Q&A: Understanding Enterprise Metadata
Data about data is a company's bread crumb trail to its information, but many enterprises have no management strategy.
Data about data is vital if you want to understand a company's information. What traps can you expect when you develop a metadata management strategy, and what best practices can you employ to make the process successful? For insight and answers, we turned to Greg Keller, chief evangelist at Embarcadero Technologies.
Enterprise Strategies: What is metadata and why is it so important to the enterprise?
Greg Keller: The short answer: it's data about data. The real answer: it's a company's bread crumb trail to its information … its lifeblood. Data is not information. Metadata is the descriptive taxonomy for a company's data which enables it to become usable information. Its most traditional implementation, metadata describes and categorizes the data which exists in enterprise applications. Not having this taxonomy increases the probability of applications errantly producing the same data (e.g., redundancy) and likely produced in a non-standardized way. Compound this problem over the hundreds or thousands of database systems in the enterprise and very quickly you can see how a data quality epidemic can arise.
What does a metadata management strategy include?
Keller: A metadata management strategy does not require you to boil the ocean or incur massive expenses. It can begin with its co-ownership by IT and those closest to the data who can assist in describing its semantics…e.g. business analysts who can describe the rules that require enforcement on the data. Ultimately, the strategy should include three key components: a means to collect, a means to normalize, and ultimately a means to communicate it.
This last component is key as the potentially voluminous information must be presented back to the business in a clear way so non-technical users can benefit from it to raise their productivity (e.g., a line-of-business analyst assembling a report and who must search for data of a specific type to quickly understand, source, and include all relevant data).
What are the general challenges a company is faced with in managing metadata?
Volume is the nemesis. The client/server boom in the 90s did good and bad things for us. It helped us stand up real applications sitting on relational database systems in weeks (not years in prior approaches) but brought with it massive data redundancy, departmentally siloed information, and radically varying quality. ERP systems tried to cure this ailment (among other things it promised) but exacerbated the problem by obfuscating a company's data.

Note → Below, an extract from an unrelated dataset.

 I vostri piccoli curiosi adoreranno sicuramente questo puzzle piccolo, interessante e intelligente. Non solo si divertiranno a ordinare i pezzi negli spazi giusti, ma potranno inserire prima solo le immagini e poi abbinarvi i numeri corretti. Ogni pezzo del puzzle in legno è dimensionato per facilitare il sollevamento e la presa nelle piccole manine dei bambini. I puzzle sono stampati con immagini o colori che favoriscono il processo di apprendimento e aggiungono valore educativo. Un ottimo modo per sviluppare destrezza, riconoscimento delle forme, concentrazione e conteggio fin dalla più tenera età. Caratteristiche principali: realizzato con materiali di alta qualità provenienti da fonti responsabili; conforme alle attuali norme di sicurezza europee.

Ultimately, the business that needs to leverage its data to drive itself forward competitively is at a stalemate as it simply is ineffective at sourcing its own information to make critical decisions.
What do companies do today to solve these problems, and how successful are they?
The successful solutions we've seen in companies vary from large scale Repository implementations to, more often, a good modeling tool and simple Excel spreadsheets made accessible to the business through intranets and SharePoint describing data assets. Realistically, companies have to acknowledge they have a data knowledge problem and back a decision to help resolve it. That is the very first step to a solution…admitting you have the problem and why it is detrimental to the business.
Are there any "gotchas" or traps that IT falls into when trying to manage metadata?
Going "too big" initially by overzealous IT or architecture teams who are attempting to build a metadata panacea is likely a path to failure. It's like trying to run a marathon with no training. The traps that are likely to be seen are from the business itself that is pressuring to see results and forced to wait for this promised valuable IT service.
Sourcing metadata from database data dictionaries is fairly trivial, but the gotchas are often attempting to understand the semantics and meaning of it. It takes time and buy-in from those closest to the application and business to assist in describing it so it can be documented, turned around, and communicated effectively.
What best practices can you recommend? What should an enterprise be doing to create an effective strategy to address the challenges you've mentioned?
As mentioned above, a good rule of thumb for ambitious teams implementing a metadata strategy is to pick a problem, even a small one, and follow through to successful implementation. An example would be to start with a single problematic application, categorize and document its data, and turn this around to business and development teams in a manner they can benefit from to get their jobs done faster. In other words, get a quick win with a challenging application and data consumer segment that will benefit from the metadata and they will tell tales of their improved effectiveness and productivity due to the metadata path to the apps data. Then replicate that success playbook to other applications/constituencies. It is no more complex than that.
What products or services does Embarcadero Technologies offer regarding metadata?
We take metadata seriously and it is core to our offerings. The DatabaseGear family of products offers key components of a metadata strategy including ER/Studio, a data modeling product which collects and visually displays metadata and its relations, ER/Studio MetaWizard, which is a facility of ER/Studio to help connect to and collect metadata from a variety of non-relational database sources (e.g. XML files, UML tools, business intelligence repositories, etc), and ER/Studio Enterprise Portal, a vehicle to enable Google-like searching of this metadata by the non-technical users in the enterprise.